Today was the math olympics. When they announced the winners, we all were shocked to learn that he did not place high enough for a trophy or ribbon. From across the huge gym, we could tell that he was upset. He was very obviously crying and struggling. What happened next was the most impressive thing, more impressive perhaps that actually winning.

  1. His buddy immediately started comforting him.
  2. Someone that he just met today from another school in his district comforted him.
  3. He cheered his friends on in the following categories.
  4. He smiled and laughed again.
  5. He heard everything I said to him which was that no trophy, ribbon, or prize could make me any more proud of him than I was right now.
  6. He’s ready to fight again next year. He does not want to give up.

Boy #3 hasn’t faced a lot of adversity like this, especially with school stuff. Success has always seemed to find him no matter what. But I can see that he is learning from this, he has to find the drive to keep trying no matter what. He is facing down disappointment and he will come out stronger because of it.

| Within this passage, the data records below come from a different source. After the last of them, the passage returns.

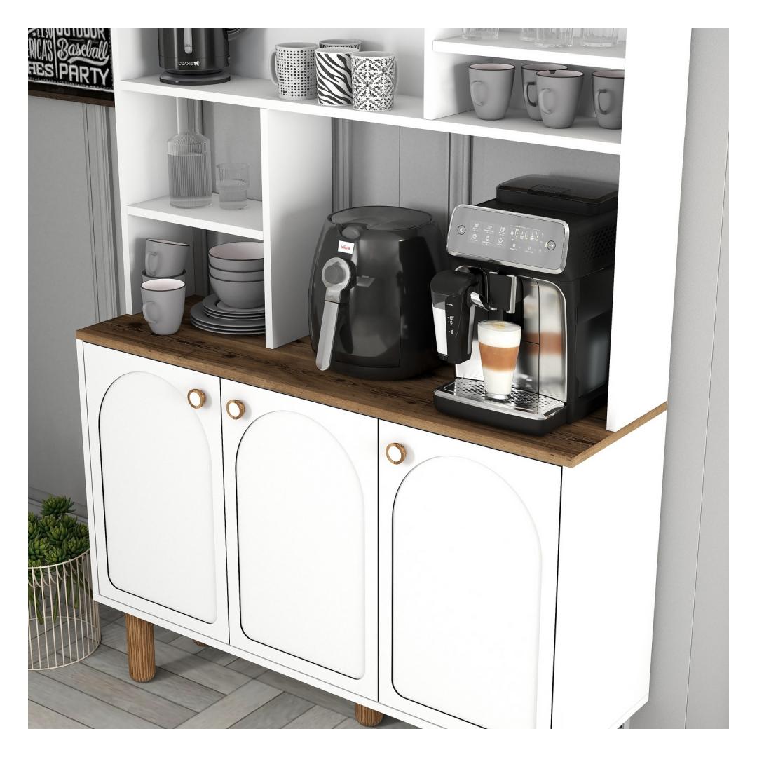 Muuda oma hommikune rutiin meie uimastava kohvibaarikapiga. See elegantne ese on loodud selleks, et tõsta teie kohvielamust ja tuua teie koju rafineeritust. Tänu oma elegantsele disainile ja rohkele hoiuruumile sobib see kapp ideaalselt kõigi teie kohvi tarvikute korraldamiseks ühes mugavas kohas. Organiseeri stiilseltÜtle hüvasti segastele töölaudadele ja segastele kapidele. Meie kohvibaarikapis on arvukalt riiuleid ja täiendavaid hoiuvõimalusi, et hoida oma kohvitassid, oad ja tarvikud korralikult organiseeritud ja kergesti ligipääsetavad. Selle kapi abil saate luua oma kohvioaasi otse oma kööki. Elegantne ja funktsionaalneValmistatud 100% melamiiniga kaetud puitlaastplaadist, ei ole see kapp mitte ainult vastupidav, vaid ka kergesti puhastatav ja hooldatav. Elegantne valge värv lisab igale ruumile kaasaegse tooni, samas kui 18 mm paksus tagab stabiilsuse ja pikaealisuse. Lisaks pakub võimalus kinnitada see seinale lisaturvalisust ja meelerahu. Tehnilised üksikasjad:Materjal: 100% melamiiniga kaetud puitlaastplaatPaksus: 18 mmLaius: 120 cmKõrgus: 203 cmSügavus: 35 cmVärv: valgeArvukad riiulid hoiustamiseksTäiendavad hoiustamisvõimalusedVõimalik kinnitada seina külge stabiilsuse lisamiseksUuendage oma kohvinurka meie kohvibaarikapiga ja kogege mugavust ja elegantsust, mida see teie koju toob. Tellige oma juba täna ja alustage oma päeva stiilselt! Värv: White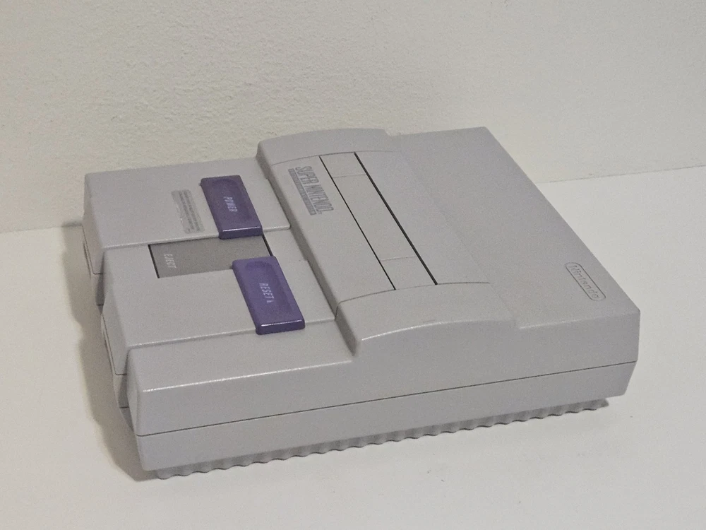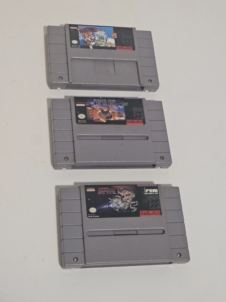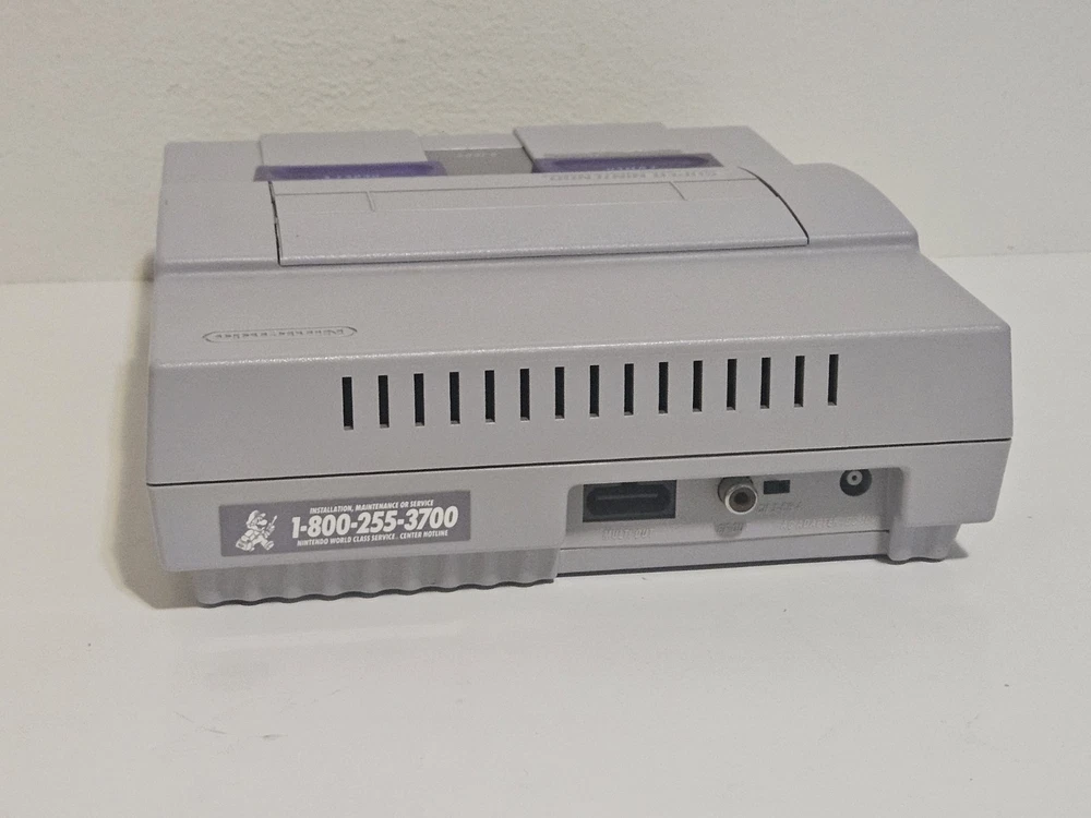 Super nintendo entertainment console bundle snes Model sns-001 control deck Comes with 3 games Mario paint Super R-type Populous 2 original super nintendo controllers models sns-005 Av audio video cable (matching purple) Multi connect power adapter Quality tested fully working Excellent condition (see photos for details)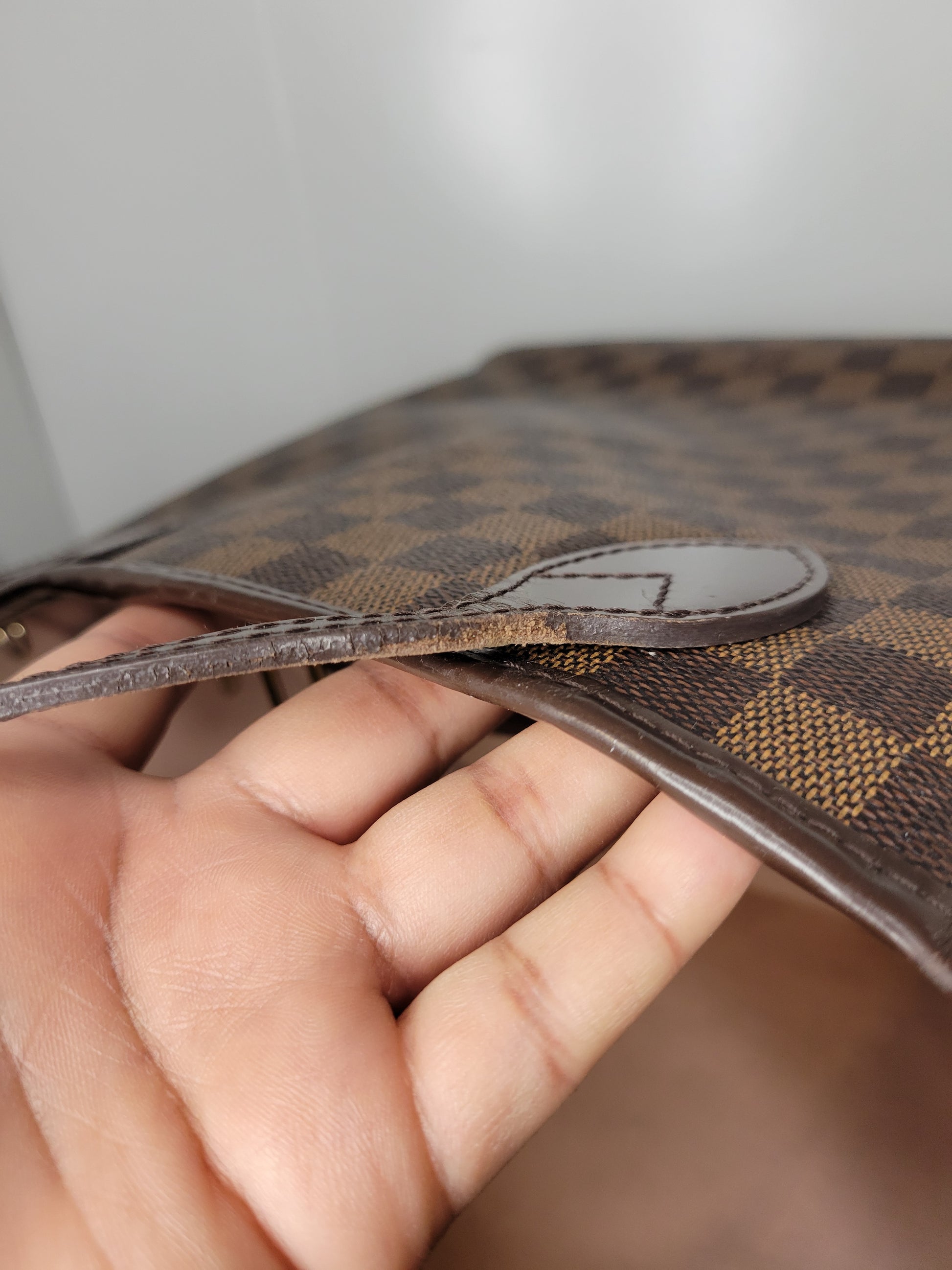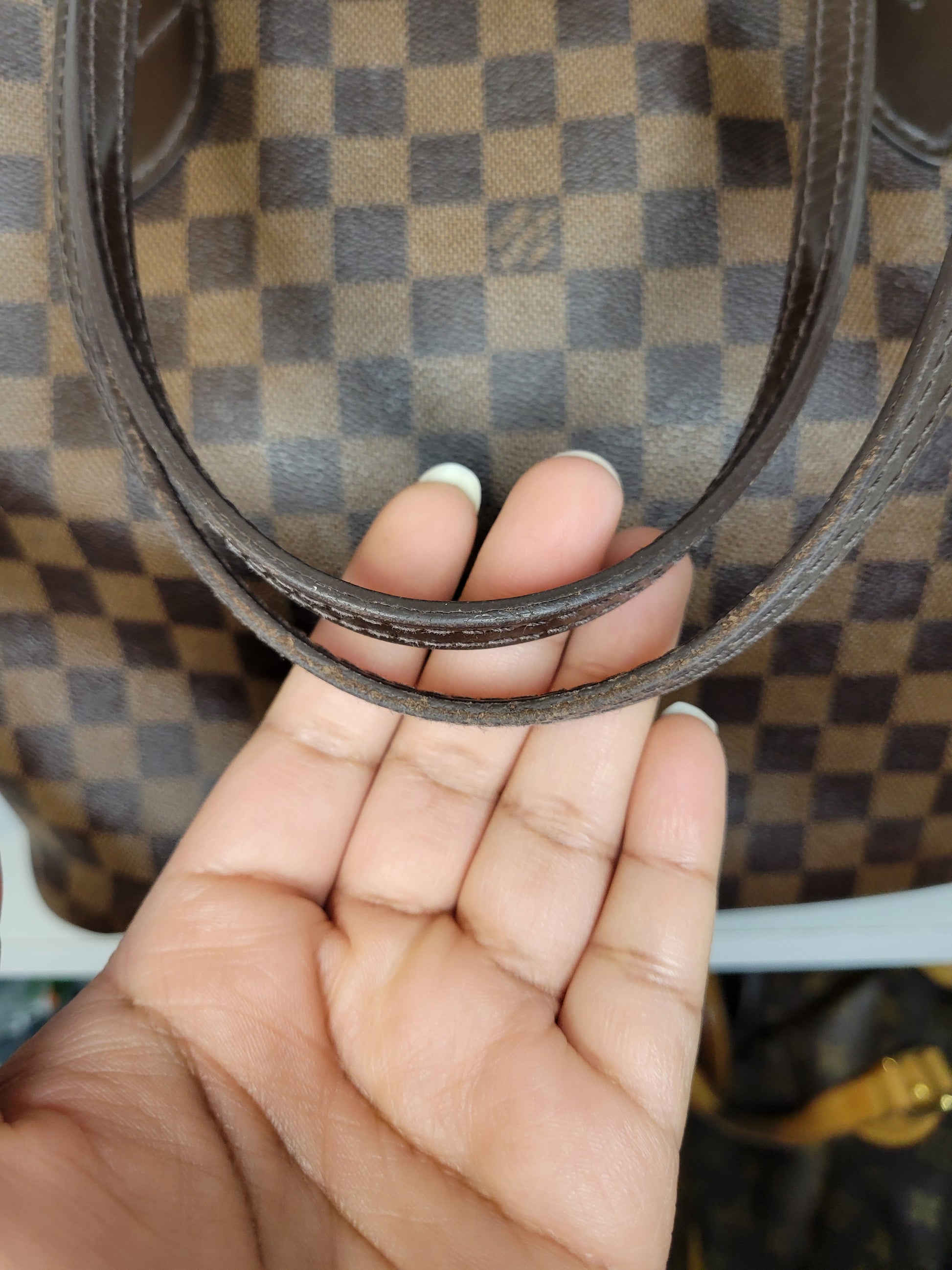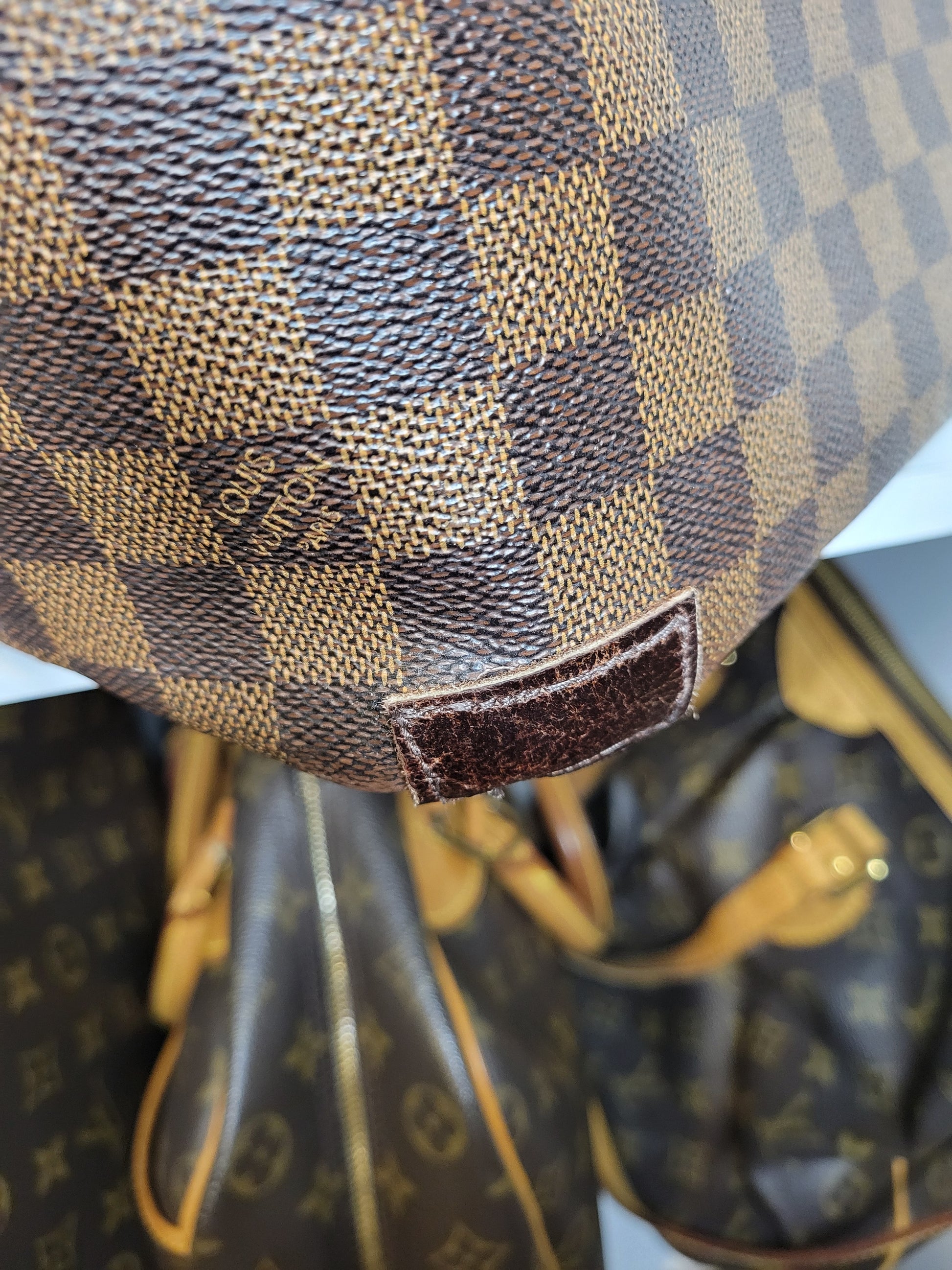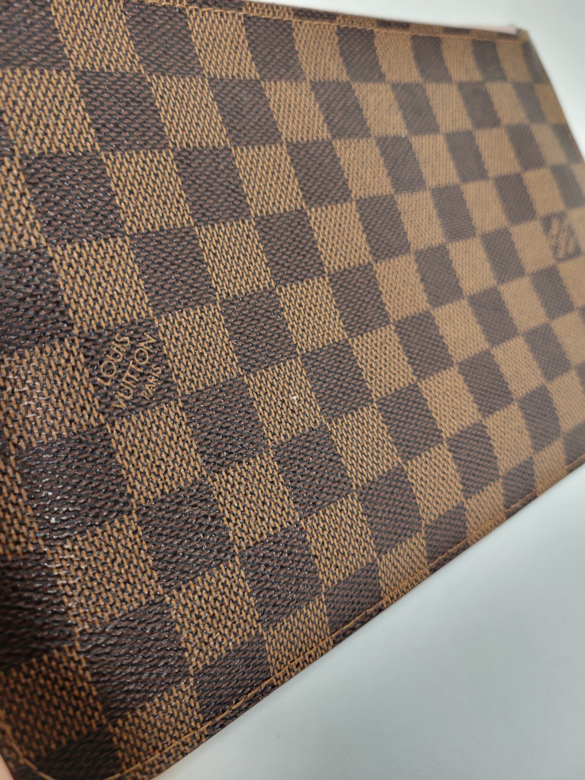 *Minor scuffs, scratches, and wear to Damier Ebene pattern on outside of bag along with two small cracks at top of bag which is losing shape

I almost think he needed this pain and disappointment to learn how to regroup and move past a loss. It seems strange to celebrate a lack of success, but I think this moment is where we see what he’s truly made of. Life is so much easier when you just keep winning. It’s great riding high on top. The real struggle is when you have to do your time down low and you pull yourself back up to the top. Then you can appreciate the success you are having and the losses, while they do sting, don’t take you out of the game completely.

I am so proud of my non-ribbon carrying, non-trophying toting boy. Next year he will work harder and do even better. I know he can do it.